Right now is certainly a challenging time for Insurtech companies, particularly given the lack of robust liquidity events in the sector. This inevitably affects growth stage companies more than seed & series A startups, but it can be felt across the entire sector. However, in my opinion, this is temporary. Investors and founders now know what metrics to track at specific stages, what lines of insurance are attractive, and how best to set companies up for success.
Insurtech startups will ultimately be successful in one of the largest sectors in the world. Will things get better in 18, 24, or 36 months? It’s hard to know. But as an investor, I wouldn’t want to miss out on a stellar company just because the first few public Insurtechs had disappointing debuts.
What can Insurtech startups do to attract investment in this hard market?
While it depends on stage, one thing all startups can do is have a laser focus on controlling burn rates. Capital preservation is key right now, and potential investors want to make sure founders are spending cash in a sophisticated way and/or making hard decisions to keep the company going.
In addition to burn, startups should be realistic about valuation expectations in this environment. I’ve seen plenty of bridge rounds in the last 12 months, and many of these deals were getting done at substantially lower multiples vs. their previous transaction. Ultimately, in challenging markets like this, the best founders are accepting that they have to do more with less. Being able to inspire their teams to accomplish this task and then successfully executing on their plans should attract new investors.
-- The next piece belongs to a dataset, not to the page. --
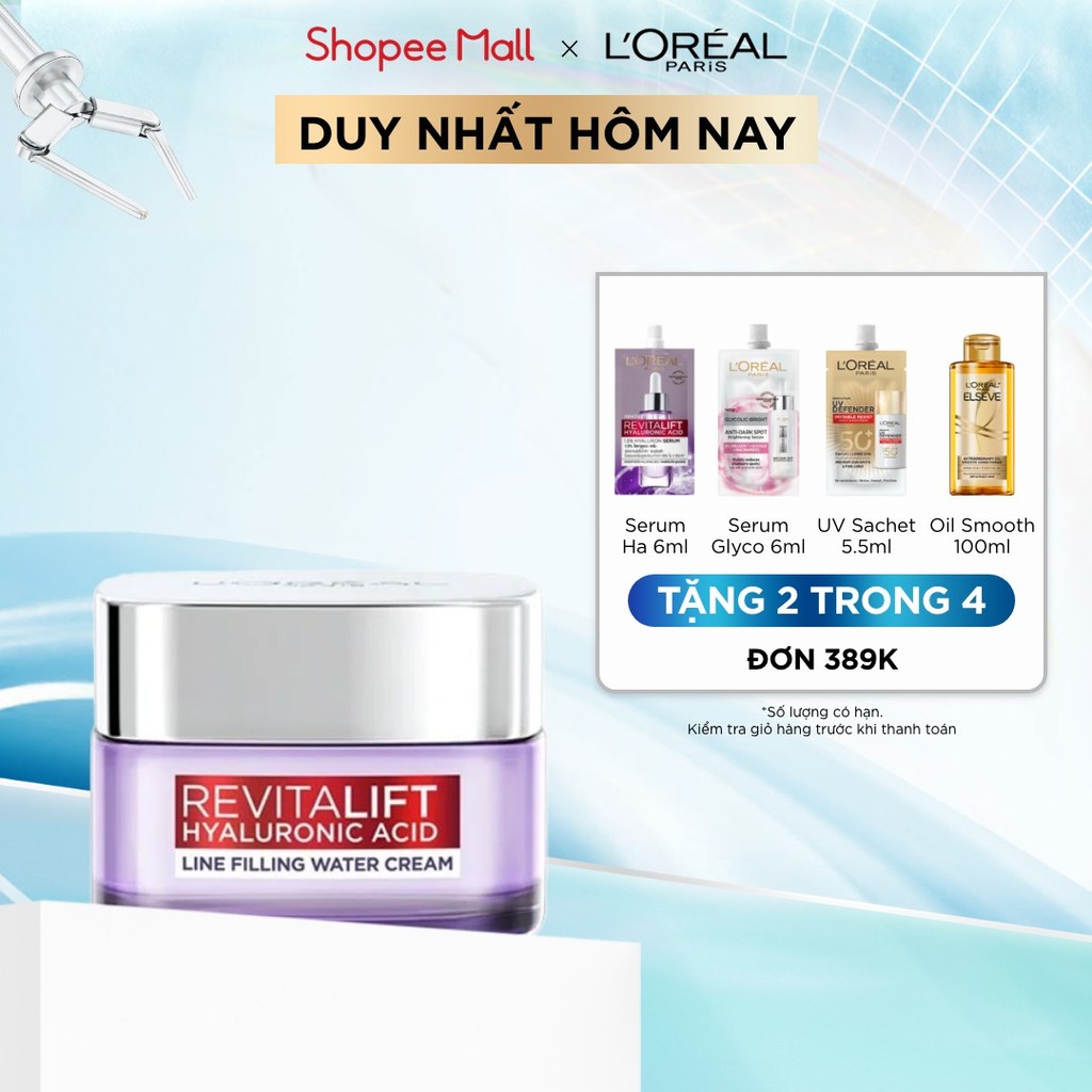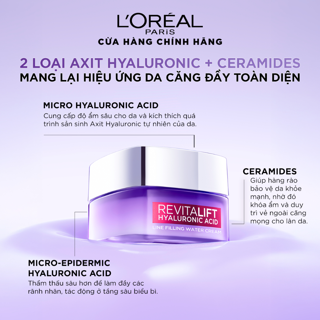 Kem dưỡng siêu cấp ẩm, giúp làm căng mượt da và giảm nếp nhăn L'Oreal Paris Revitalift 1.5% Hyaluronic Acid 50ml

What’s the most influential trend in the Insurtech industry that’s driving growth?
The majority of capital deployed in Insurtech has been in what we at MRV call the “Challenger” side of the industry. These companies are typically MGAs or carriers that are competing with insurance incumbents. In my opinion, this is still the single largest trend driving the Insurtech industry forward.
However, we have seen an increase in attractive companies operating in different parts along the insurance value chain, such as reinsurance marketplaces, broker tools, embedded solutions, and infrastructure software. We typically refer to these as “Enablers” and think there will be large companies built on this side of Insurtech as well. I believe we will continue to see a
trend of incumbents choosing to work with these companies, as opposed to trying to build everything in-house.
Where would you like to see the Insurtech industry in five years, and why?
Today there are two facts to note about the Insurtech industry. First, there are very large Insurtech companies operating at a high level – Next, Coalition, Pie, At-Bay to name a few. All of these companies operate in commercial lines of insurance with very different distribution strategies as compared with Insurtech 1.0 companies like Lemonade, Root, and Hippo. These private companies also have the benefit of learning from that first wave of Insurtech IPOs. Second, the IPO window is largely closed today, as demonstrated by the significant drop in volume of public offerings over the last 12 months.
Once this reopens, hopefully in 12-24 months, I suspect we will see successful public listings for some companies. This should create a tailwind for earlier stage Insurtech startups, especially those in commercial insurance, to be able to raise favorable growth equity rounds again. Also, it could generate increased M&A activity from incumbent carriers. Thus, in five years’ time, I expect to see many of today’s best seed and series A Insurtechs in very good positions.
What inspires you in the Insurtech space today, and why?
A very inspiring trend is true product innovation in insurance. My colleagues have led deals for companies that insure IVF treatments, social media influencers, and artificial intelligence. I love talking about these unique risk transfer solutions being applied to real problems in our world today. I expect we will continue to see many more like them.